Gazi Eğitim Enstitüsü’nün Almanca yeterlilik sınavını kazanan Sabahattin Ali, 1930 yılında Aydın’da Almanca öğretmenliği yapmaya başladı. Ancak, düşüncelerini açık açık paylaşmaktan asla çekinmezdi. Oysa, Cumhuriyet rejimi en kısık muhalif sesi bile bastırmak için müthiş bir çaba gösteriyordu. Bu yüzden, TKP’nin illegal yayın organı ‘Kızıl İstanbul’ dergisini öğrencilere dağıtmakla ve komünizm propagandası yapmakla suçlandı Sabahattin Ali. Beraat edene kadar üç ay Aydın Hapishanesi’nde kaldı. Bu, Cumhuriyet rejiminin ona ilk uyarısıydı. Oysa, Aydın Hapishanesi’nde dinlediği hikâyeler ‘Kuyucaklı Yusuf’un filizlenmesini sağladı. Sabahattin Ali, 1931 yılında yine Almanca öğretmeni olarak Konya’ya gönderildi. Konya’da tarihçi Cemal Kutay ‘Yeni Anadolu’ gazetesini çıkarıyordu. "Kuyucaklı Yusuf"un ilk tefrikası 1932 yılında bu gazetede çıktı. Cemal Kutay’dan parasını alamayan Sabahattin Ali yirmi altıncı sayıdan itibaren yazmayı bıraktı. Aynı sene, “Gazi Mustafa Kemal Paşa’ya hakaret” suçundan yargılandı. Şahitler arasında Cemal Kutay’ın yakını olan üç öğretmen vardı, gerekirse Cemal Kutay da şahitliğe hazırdı. Bir sene hapis cezasına çarptırılan Sabahattin Ali, apar topar Konya hapishanesine sevk edildi. 1933 yılının mayıs ayında Sinop hapishanesine nakledildi, Kasım ayında çıkan afla serbest bırakıldı. 1935 yılında Kadıköy Evlendirme Dairesi’nde Aliye Hanım ile evlendi. 1936 yılının sonuna doğru ‘Kuyucaklı Yusuf’u tamamladı. Roman, 9 Kasım 1936 ve 21 Ocak 1937 tarihleri arasında Tan gazetesinde ilk defa eksiksiz olarak yayımlandı. 1937 yılında Yeni Kitapçı Yayınevi tarafından roman olarak basılan kitap mahkeme kararıyla toplatıldı. Sabahattin Ali, bir hafta önce doğan kızı Filiz’i doya doya sevemeden 7 Ekim 1937’de “halkı aile hayatı ve askerlikten soğutmak” suçundan yine hâkim karşısında buldu kendini. Aralarında Reşat Nuri Güntekin’in de bulunduğu bilirkişilerin yazdığı raporlar lehineydi. Böylece hem Sabahattin Ali hem de ‘Kuyucaklı Yusuf’ beraat etmiş oldu.
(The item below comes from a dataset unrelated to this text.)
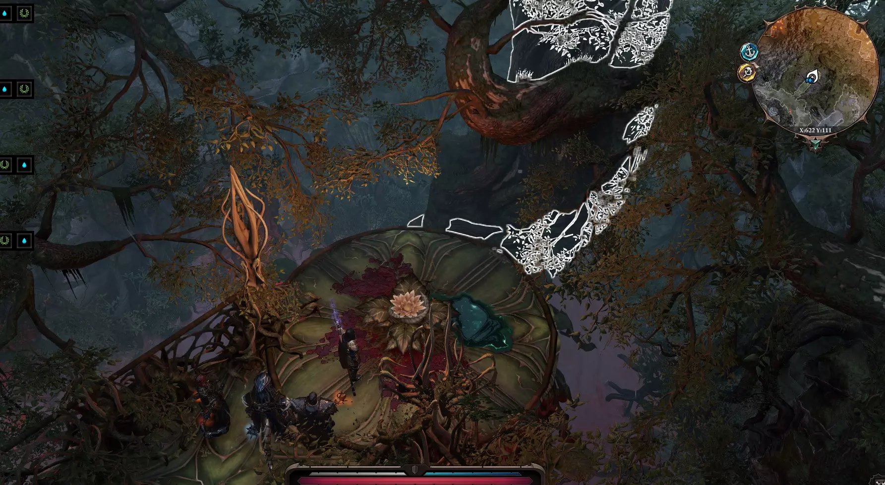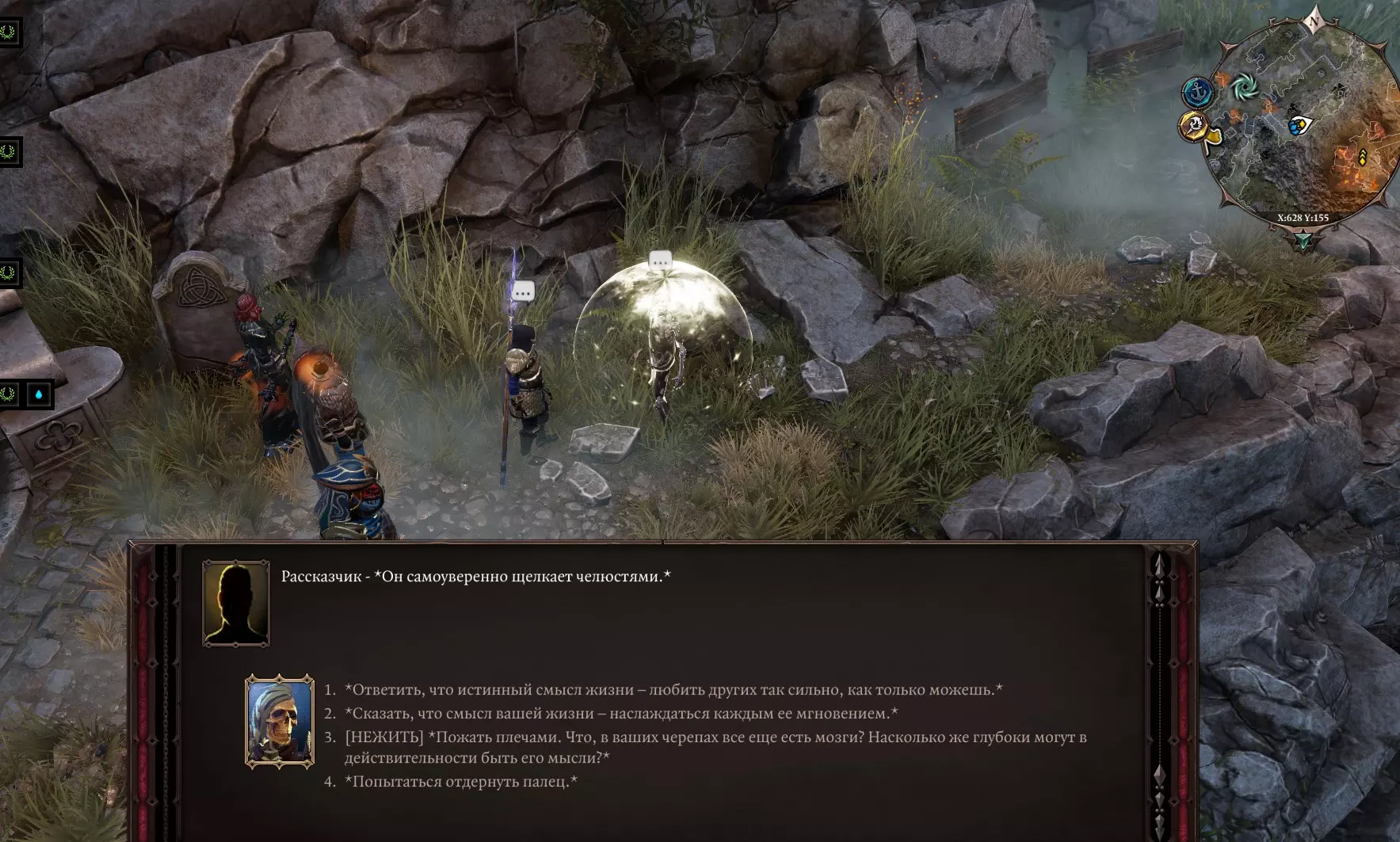 可以从右侧通过树枝爬上岩石,直接路过即可。 要点: 附近有一座毁坏的塔。根据声音可以判断有雷雨云,这意味着它可能会造成眩晕。传送卫星,然后趁着有魔法保护,快速搜索,之后沿着藤蔓跳下。 回到狗的位置。前往南侧通道,会遇到与4个骷髅的战斗。我们向他们发起进攻,现在再次向北走,从那只狗旁边经过,顺着藤蔓向上爬,会遇到一个名叫“塔琳”的女孩。她说前面的法师设下了某种陷阱,一击就杀死了她的朋友。 当被逼入绝境时极其危险。确实,在遗迹入口前的柱子上挂着一个“尖叫者”,它会攻击视野范围内的任何人。所以我们按下“S”键,变成灌木丛,悄悄地从它旁边经过。(我们可以从左边顺着藤蔓爬上去) 我们出现在战场之上,周围有法师和其他一些人。 关键机制: 与法师对话时,存在成功的说服选项,这些选项可以赶走多余的人,这样我们就能更有效地帮助被围困的圣骑士。 正确的说服选项: 就说你不是术士!你是法师的特工,正在渗透探索者组织。你是潜入到“追寻者”组织中的法师特工。 *告诉他们你很高兴他们在这里一切安好,因为你听说“追寻者”袭击了欢乐堡* 结果会有4-5名法师撤离,这样我们就能去救被包围的圣骑士了。(也可以不用说服,直接在这里把所有人都干掉)最有趣的是,其他4位法师对我们漠不关心,所以我们可以随意布置自己的同伴,挑选最强的角色发动群体攻击,以造成尽可能多的初始伤害。进入战斗——解救圣骑士【加雷特】。他说自己正在寻找离开这座岛屿的路——夺取法师们的船。他还提到可以在【阿玛迪圣所】找到他。 前往下方平台,那里有一扇金属门,进入其中。古老遗迹 我们来到地下室,中间躺着“桑格”大师,他说这些墙壁后面有某种邪恶之物,同时也守护着某种珍贵的东西。旁边有个拉杆,拉动的话门不会打开,反而会触发中毒效果。 在他身后,如果移动镜头,可以看到一个墓室,里面存放着布拉卡国王祭坛。不过目前我们在这里什么也做不了,需要寻找能打开这扇门的东西。我们探索着废墟,从南部区域离开,沿着残骸向东北方向前进。北边再往前有一座坍塌的桥,没什么特别的。继续向东走,我们遇到了盲眼导师,试图解释我们没有恶意,却还是陷入了战斗。再往东走,我们碰到了一只小熊,它正在寻找妈妈。我们告诉它,它的妈妈可能已经遇害了。(或许在对话中可以加入一个类似“寻找熊妈妈”的任务。)无法识别内容,已删除。

Bir Başkaldırı Romanı Olarak Kuyucaklı Yusuf
"1903 senesi sonbaharında ve yağmurlu bir gecede Aydın’ın Nazilli kazasına yakın Kuyucak köyünü eşkıyalar bastılar ve bir karı kocayı öldürdüler." diye başlar "Kuyucaklı Yusuf".
Cinayeti duyan Kaymakam Salâhattin Bey, doktorla birlikte öldürülen karı kocanın evine gider. Cesetlerin yanında bekleyen on yaşlarındaki Yusuf’u görür, ailesini kaybeden bu sert mizaçlı çocuğu evlat edinir. Yusuf, Salâhattin Bey ile birlikte Edremit’e taşınır. Burada kent hayatını gören Yusuf kimseye ısınamaz. Kaymakamın dört yaşındaki kızı Muazzez dışında sevdiği kimse yoktur. Aradan seneler geçer, Yusuf ve Muazzez büyür, birbirlerine âşık olurlar fakat bunu itiraf edecek cesaretleri yoktur. Fabrikatör Hilmi Bey’in serseri oğlu Şakir de Muazzez’e göz koyar. Yusuf’la tartışırlar ve Yusuf’tan bir yumruk yer. Yediği yumruğun acısını çıkarmak için yemin eder. Bu çatışma, romanın kırılma noktasıdır.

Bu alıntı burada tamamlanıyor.